The FSA says intermediaries must follow the Needler judgment on windfall benefits and the calculation of compensation payments, except in cases where it can be proven the product was bought because windfall payments were the reason for choosing the product.
Guidance from the FSA which comes into force tomorrow largely backs last year's Needler case, which stated windfall benefits in scenarios such as demutualisation cannot be deducted from a client's compensation payments because the adviser was to blame for mistakes and the eventual complaint, not the special event.
However, the FSA does give some concessions through its policy report if the intermediary can prove through its sales records that the recommendation was based on a special event offering a windfall.

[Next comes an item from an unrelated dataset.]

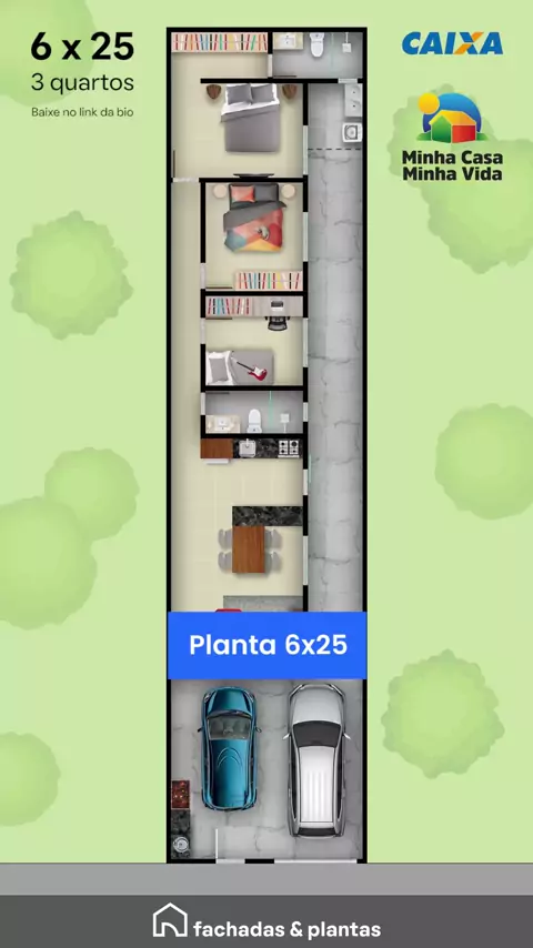 Projeto de casa moderna para terreno 6x25 🏡 Um projeto pensado pra quem busca conforto e funcionalidade! 😍 ✅ 3 quartos bem planejados ✅ Garagem ampla para dois carros ✅ Ambientes integrados e bem distribuídos ✅ Ideal para terreno 6x25 💡 Uma casa completa, com espaço de sobra e aproveitamento inteligente do terreno! Baixe o projeto completo com medidas no site e comece a construir 🔨 #fachada #fachadas #fachadamoderna #plantasdecasa #casas

"Very rarely, firms may be able to say that the special event was expected at the time the customer was advised to buy the product, and that the adviser expressly recommended that the product be bought for this purpose," says the FSA policy document.
"If this is the case, then the firm does not have to give credit for the benefit the customer got, so it will pay less compensation. To protect customers, the firm has to prove, using its records from the time of the sale, that it is justified in doing this."

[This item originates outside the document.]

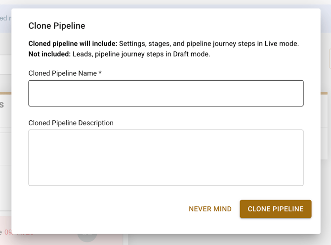 Please be aware that when cloning your Pipeline Journey, only live Journey steps will clone to your new Pipeline Journey. Not to worry! We have a handy tooltip that will pop up to remind you that any steps in Draft mode will not be cloned. As well, no leads can be cloned between Pipeline Journeys.

The FSA points out it was not a party to the Needler case, rather it was brought under the PIA Ombudsman's bureau, however, the judgment has implications for many Pensions Review and FSAVC Review compensation cases which have yet to be settled, and also has implications on future compensation calculations such as mortgage endowment mis-selling.
Tracey Mullins, director of public relations at the AIFA, is pleased that windfall benefits can be taken into account in some cases when calculating compensation, particularly as it is more likely to affect mortgage endowment cases, rather than pensions mis-selling.
But the AIFA still believes it is wrong to make a distinction between those advisers who recommend products based on possible windfall benefits and those who do not.
Past guidance on this issue came from the PIA in Update 33 entitled 'Pensions Review and Demutualisation Shares'.
At that time, the PIA said firms should ignore the financial impact of demutualisation when calculating financial loss or redress, but was "silent" about benefits received as policy augmentation or top-up, says the FSA.